There may well be value in a random consumer (in the commercial sense)
authorizing a bot to find interesting things to subscribe to. In this
case,
- The consumer signs up for a bot service on a secure web page. As
of this writing, that consumer can't be expected to have any
significant kind of security setup beyond being able to use HTTPS
through a browser.
- The bot goes off and looks for stuff to subscribe to. Ideally
before too long, at least some of this will be managed via WSN. That
is, the bot will find a NotificationProducer and set it a Subscribe
message with the consumer's email as consumer ERP.
- Even if the NotificationProducer only talks to trusted bots with
the right tokens, the consumer may not be interested in everything the
bot finds -- even if the consumer knows and trusts the producer. Nor
can the consumer lock down subscription up front: the whole point is
that the consumer does not know in advance what subscriptions it wants.
- It's also conceivable that an NP may not want to
restrict access to known subscribers (bot or not). It may want to get
as many subscriptions as possible and welcome all comers. This case is
particularly open to abuse, but must be supportable -- it already
exists, and is already kept under control through double-opt-in.
- In any case, double-opt-in allows the producer to find out
whether the consumer is interested before opening up the pipe.

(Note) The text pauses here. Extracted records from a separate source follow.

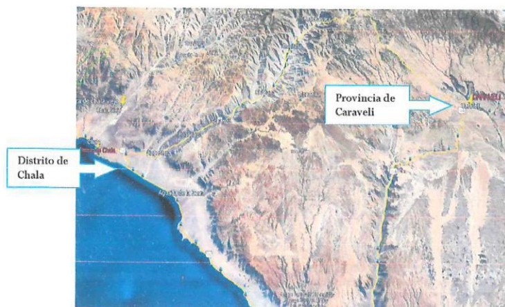
GRAFICO N° 03: Ubicación del Área Urbana - Vista de Google Earth.
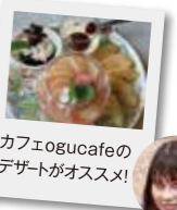
カフェogucafeの デザートがオススメ!
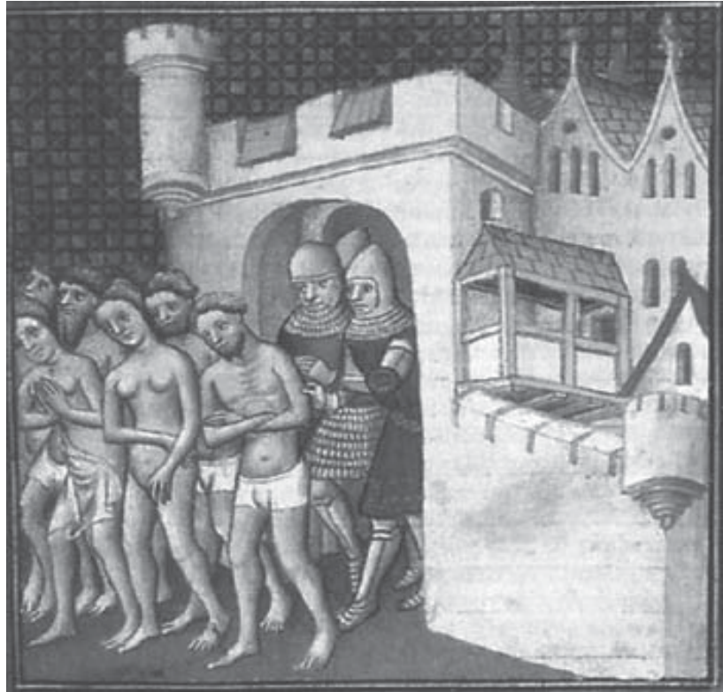
Expulsión de los Cátaros.

caverna de ladrones: Speluncam latronum ese. 6
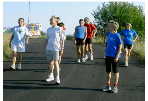
Zeit zum erforschen
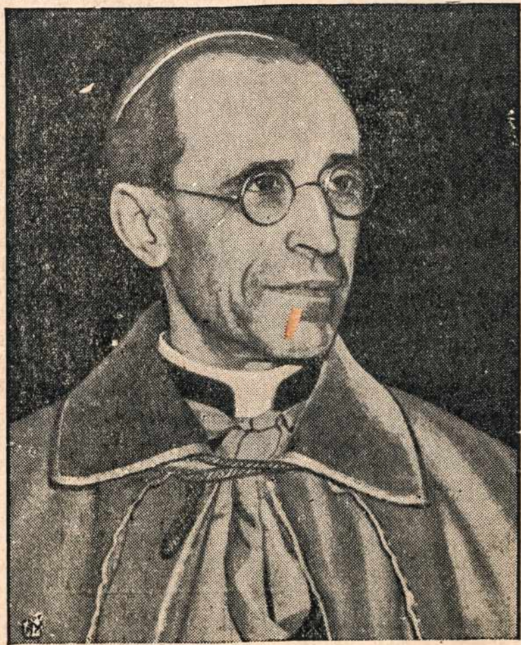
Jo Šventenybė Popiežius Pijus XII

1937 m. Amerikos orlaivių pramonė buvo verta tik $125,000,000 ir turėjo tik 36,000 darbininkų. Dabar toje pramonėje jau dirba 200,000 darbininkų, o kol šie metai baigsis, tai ten dirbs dvigubai daugiau darbininkų, negu dabar.
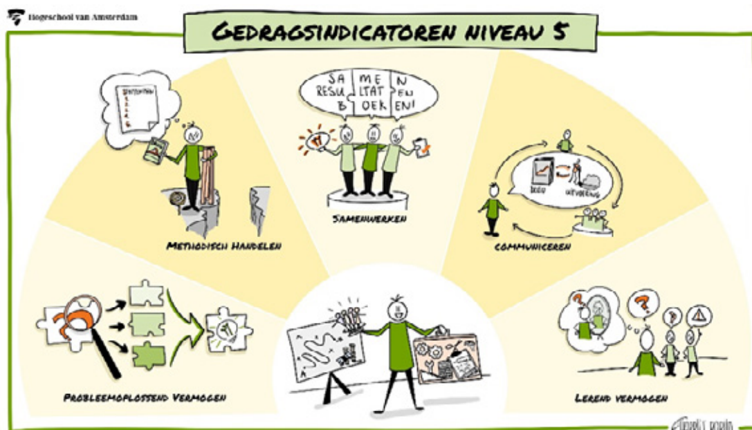
Figuur 1: Gedragsindicatoren niveau 5

Associate degree opleidingen zijn in het European Quality Framework (EQF) en het Nederlands Kwalificatieraamwerk (NLQF) gepositioneerd en uitgewerkt op niveau 5. Ter vergelijking: een mbo-4 opleiding is niveau 4, een bachelor-opleiding niveau 6. Voor het Associate degree-niveau (niveau 5) hebben wij ons gebaseerd op de beschrijving van niveau 5 van het EQF, het daarvan afgeleide NLQF en de landelijke beschrijving van niveau 5. Een beschrijving van het Associate degree niveau is vastgesteld door het Overlegplatform Associate degree van de Vereniging Hogescholen (separate bijlage 9). Hierin is niveau 5 uitgewerkt aan de hand van vijf gedragsindicatoren, probleemoplossend vermogen, methodisch handelen, samenwerken, communiceren en lerend vermogen, die het niveau duiden waarop de beroepstaken moeten worden uitgevoerd.
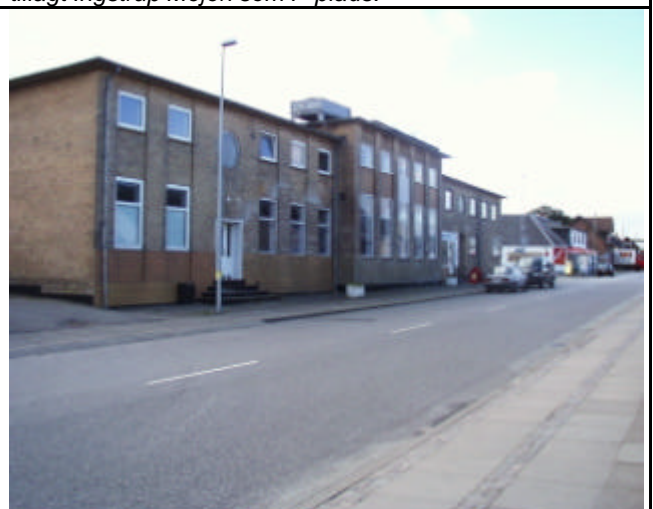
Ingstrup Mejeri på Hovedgaden.
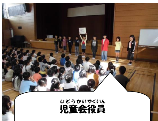
じどうかいやくいん 児童会役員
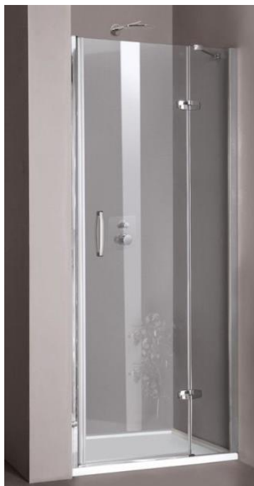
Zástěna sprchová – nika, dveře jednokřídlé s pevným segmentem
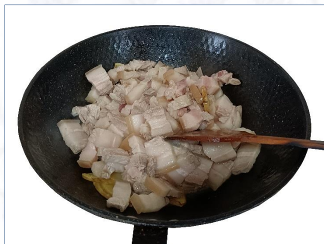
③切成肉片 煸炒红烧
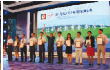
南京田家炳高级中学获全国科技教育创新十佳学校
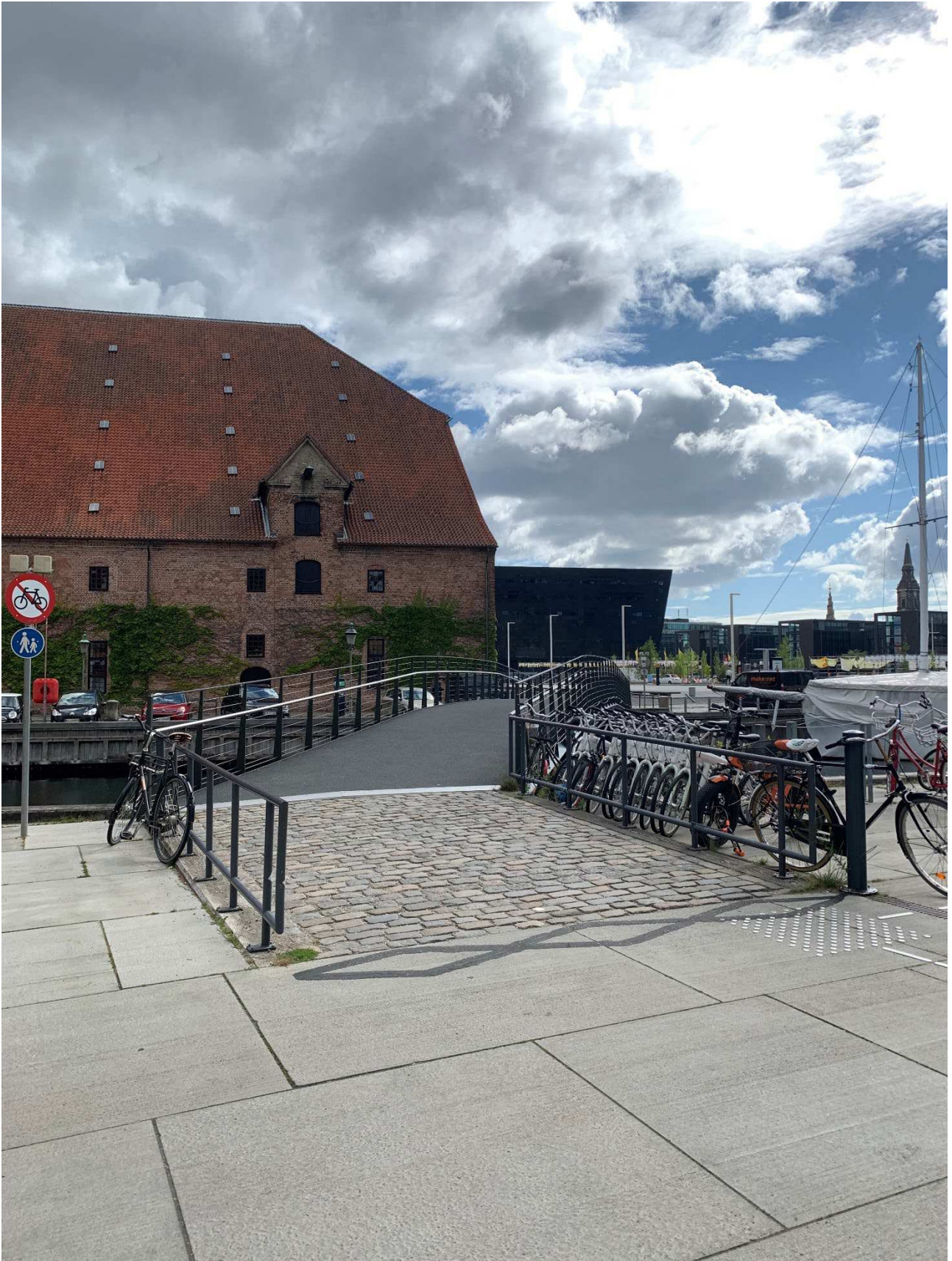
Foto af midlertidig gangbro set fra Bryghuspladsen, den 5. juli 2022.
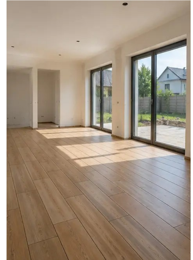
Fotografie č. 12 Pokládka podlah dokončena dle specifikací projektu
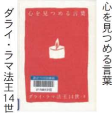
ダライ・ラマ法王 14 世
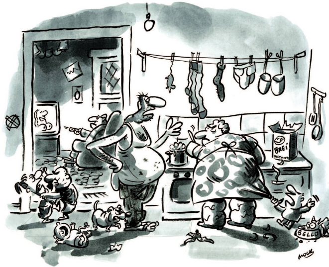
„Komm, lass uns noch mal ganz von vorne anfangen!“
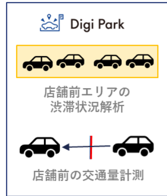
Lotus's Bang Na 店での「デジパーク」による店舗前道路の混雑状況分析のイメージ

本取り組みにより、例えば、来店者数が少ない時間帯には店舗内での買い回りを促すプロモーションを実施する、店舗前道路の渋滞時間帯には、車内から注文が可能なオンライン注文を促すプロモーション広告を放映するといった、リアル空間の状況に応じたマーケティングが可能となります。
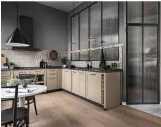
Glasväggar med linjeglas
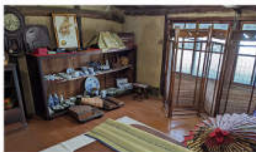
▲サロン会場の2階の屋根裏は、歴史を感じさせるレトロな雑貨がずらり。この秘密の小部屋も昭和の家の白樺です。
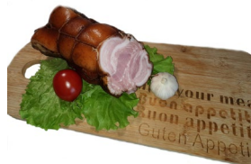
Рулет в/к "Фермерский" ТУ 10.13.14.-004-20855790-2017 Масса: 1,5 кг. Срок годности: 30 суток. Состав: свинина, посолочная смесь.
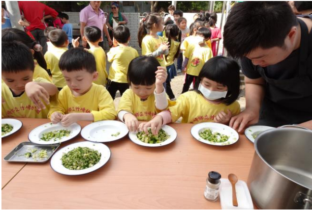
照片說明：邀請幼兒園小朋友一同參與

In other words, full WS-Security will be too heavyweight for some
reasonable applications, both in the sense of requiring higher-powered
security tools and in the sense of requiring more security than desired.
Tom Maguire wrote:
Is it not sufficient that security assertions or claims about the sender
handle this? Why is the 'notify' MEP (as opposed to all the other MEPs the
Notification consumer exposes) given special treatment in this regard? I
do not understand why composition with WS-Security does not handle the
requirement.
Tom
Problems cannot be solved at the same level of awareness that created
them. —Albert Einstein
T o m M a g u i r e
STSM, On Demand Architecture
Poughkeepsie, NY 12601
David Hull
<dmh@tibco.com>
To
11/22/2004 03:07 wsn@lists.oasis-open.org
PM cc
Subject
[wsn] Use case for double opt-in
and other mechanisms for preventing
unwanted subscriptions
The Use Case:
Because subscriptions may be made by a third party on behalf of the actual
consumer, there must be some means of ensuring that the consumer only
receives notifications it is interested in. There are many possible
relationships among the subscriber, producer and consumer. For example
The subscriber is provably the same entity as the consumer. The
producer should accept any subscription from the consumer on its own
behalf.
The subscriber, producer and consumer are all in the same isolated
environment and implicitly trust each other. Again, there is no need
to restrict subscription.
The consumer has supplied the subscriber with a secure token (which
the NP is able to recognize) authorizing it to subscribe on the
consumer's behalf. The NP should reject subscription requests
without proper authorization.
The consumer does not know the subscriber even exists, but might be
interested in some unsolicited subscriptions. It is thus up to the
producer to determine interest, generally by sending a test message
under the double-opt-in pattern.
Either of the previous cases may apply. The producer should look for
the appropriate secure token, and if it's missing, ask the consumer
via double-opt-in.
A notification producer may impose a quota on subscriptions directed
toward a given consumer (perhaps because the consumer asked it to).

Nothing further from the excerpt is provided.